**Exercise goal**
Search the records below for the word "been". Copy each line where it occurs.

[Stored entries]
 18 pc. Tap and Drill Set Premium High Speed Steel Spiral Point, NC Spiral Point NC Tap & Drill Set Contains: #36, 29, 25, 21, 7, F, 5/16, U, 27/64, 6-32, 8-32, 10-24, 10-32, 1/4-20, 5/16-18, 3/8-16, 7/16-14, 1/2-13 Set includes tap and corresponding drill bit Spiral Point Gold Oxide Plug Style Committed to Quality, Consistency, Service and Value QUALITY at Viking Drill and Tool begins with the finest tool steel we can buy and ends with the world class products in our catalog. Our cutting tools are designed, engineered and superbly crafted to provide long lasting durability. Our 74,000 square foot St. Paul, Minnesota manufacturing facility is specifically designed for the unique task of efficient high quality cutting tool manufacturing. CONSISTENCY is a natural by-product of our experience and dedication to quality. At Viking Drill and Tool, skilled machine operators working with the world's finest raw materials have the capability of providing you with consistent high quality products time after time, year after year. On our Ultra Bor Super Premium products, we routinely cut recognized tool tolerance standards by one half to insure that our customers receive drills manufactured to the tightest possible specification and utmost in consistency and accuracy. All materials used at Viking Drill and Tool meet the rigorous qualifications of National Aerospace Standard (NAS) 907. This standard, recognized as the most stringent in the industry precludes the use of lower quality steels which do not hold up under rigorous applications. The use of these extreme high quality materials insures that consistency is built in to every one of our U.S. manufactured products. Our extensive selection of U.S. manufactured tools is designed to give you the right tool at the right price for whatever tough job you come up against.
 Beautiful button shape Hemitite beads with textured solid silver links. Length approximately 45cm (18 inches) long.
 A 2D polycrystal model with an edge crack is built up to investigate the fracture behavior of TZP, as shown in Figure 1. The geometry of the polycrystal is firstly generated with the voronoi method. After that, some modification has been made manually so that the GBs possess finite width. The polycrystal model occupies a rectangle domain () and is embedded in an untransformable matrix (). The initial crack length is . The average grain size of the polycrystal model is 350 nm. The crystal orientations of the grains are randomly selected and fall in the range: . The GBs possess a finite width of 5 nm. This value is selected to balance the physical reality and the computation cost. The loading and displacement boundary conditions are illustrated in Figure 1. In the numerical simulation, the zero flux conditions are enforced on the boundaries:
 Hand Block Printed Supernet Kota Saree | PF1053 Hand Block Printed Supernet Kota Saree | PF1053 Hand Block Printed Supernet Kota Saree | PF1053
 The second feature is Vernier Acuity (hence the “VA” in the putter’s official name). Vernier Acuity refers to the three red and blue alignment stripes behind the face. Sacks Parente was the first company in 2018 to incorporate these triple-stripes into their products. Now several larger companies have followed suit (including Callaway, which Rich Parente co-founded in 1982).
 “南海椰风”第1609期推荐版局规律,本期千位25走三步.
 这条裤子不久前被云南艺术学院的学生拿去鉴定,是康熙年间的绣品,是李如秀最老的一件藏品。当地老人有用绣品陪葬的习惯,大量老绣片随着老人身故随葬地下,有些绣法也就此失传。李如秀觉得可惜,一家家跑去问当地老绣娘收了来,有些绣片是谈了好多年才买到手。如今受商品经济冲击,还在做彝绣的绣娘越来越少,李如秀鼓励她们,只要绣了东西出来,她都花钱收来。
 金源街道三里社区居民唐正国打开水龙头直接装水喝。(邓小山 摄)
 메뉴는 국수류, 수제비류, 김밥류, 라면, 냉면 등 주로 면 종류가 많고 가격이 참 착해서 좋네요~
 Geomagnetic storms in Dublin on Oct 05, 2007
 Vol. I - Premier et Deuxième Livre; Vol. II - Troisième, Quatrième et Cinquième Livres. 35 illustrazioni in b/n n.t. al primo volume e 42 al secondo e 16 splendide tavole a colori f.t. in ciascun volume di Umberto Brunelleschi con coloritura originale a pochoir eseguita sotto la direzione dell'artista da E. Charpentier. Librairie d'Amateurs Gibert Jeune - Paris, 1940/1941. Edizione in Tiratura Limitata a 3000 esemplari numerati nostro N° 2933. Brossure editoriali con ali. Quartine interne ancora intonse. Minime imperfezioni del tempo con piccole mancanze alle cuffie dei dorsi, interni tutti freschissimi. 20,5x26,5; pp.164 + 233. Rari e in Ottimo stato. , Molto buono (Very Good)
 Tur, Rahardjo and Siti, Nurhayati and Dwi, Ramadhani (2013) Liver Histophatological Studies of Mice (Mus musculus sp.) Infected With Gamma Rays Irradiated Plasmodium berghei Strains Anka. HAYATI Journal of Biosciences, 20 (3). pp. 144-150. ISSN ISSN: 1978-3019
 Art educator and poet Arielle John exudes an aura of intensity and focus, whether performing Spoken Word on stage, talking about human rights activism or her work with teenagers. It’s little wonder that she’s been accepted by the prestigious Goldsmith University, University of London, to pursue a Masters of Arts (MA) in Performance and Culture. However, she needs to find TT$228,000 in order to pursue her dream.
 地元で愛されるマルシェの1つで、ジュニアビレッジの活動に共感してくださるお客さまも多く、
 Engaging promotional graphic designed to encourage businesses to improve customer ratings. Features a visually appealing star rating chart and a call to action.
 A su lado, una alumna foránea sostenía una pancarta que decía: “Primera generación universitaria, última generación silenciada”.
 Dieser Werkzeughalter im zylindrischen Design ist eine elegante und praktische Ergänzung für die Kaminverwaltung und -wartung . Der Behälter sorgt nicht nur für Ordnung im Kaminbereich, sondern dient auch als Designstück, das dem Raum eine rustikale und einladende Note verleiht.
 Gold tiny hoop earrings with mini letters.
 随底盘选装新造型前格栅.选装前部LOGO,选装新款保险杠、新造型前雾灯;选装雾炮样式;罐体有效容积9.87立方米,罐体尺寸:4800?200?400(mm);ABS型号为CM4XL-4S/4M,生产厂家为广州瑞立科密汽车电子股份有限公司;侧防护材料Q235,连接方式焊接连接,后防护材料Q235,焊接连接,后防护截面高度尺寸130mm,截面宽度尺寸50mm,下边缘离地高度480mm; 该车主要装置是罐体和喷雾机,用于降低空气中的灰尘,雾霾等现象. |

**Your solution**
 A 2D polycrystal model with an edge crack is built up to investigate the fracture behavior of TZP, as shown in Figure 1. The geometry of the polycrystal is firstly generated with the voronoi method. After that, some modification has been made manually so that the GBs possess finite width. The polycrystal model occupies a rectangle domain () and is embedded in an untransformable matrix (). The initial crack length is . The average grain size of the polycrystal model is 350 nm. The crystal orientations of the grains are randomly selected and fall in the range: . The GBs possess a finite width of 5 nm. This value is selected to balance the physical reality and the computation cost. The loading and displacement boundary conditions are illustrated in Figure 1. In the numerical simulation, the zero flux conditions are enforced on the boundaries:
 Art educator and poet Arielle John exudes an aura of intensity and focus, whether performing Spoken Word on stage, talking about human rights activism or her work with teenagers. It’s little wonder that she’s been accepted by the prestigious Goldsmith University, University of London, to pursue a Masters of Arts (MA) in Performance and Culture. However, she needs to find TT$228,000 in order to pursue her dream.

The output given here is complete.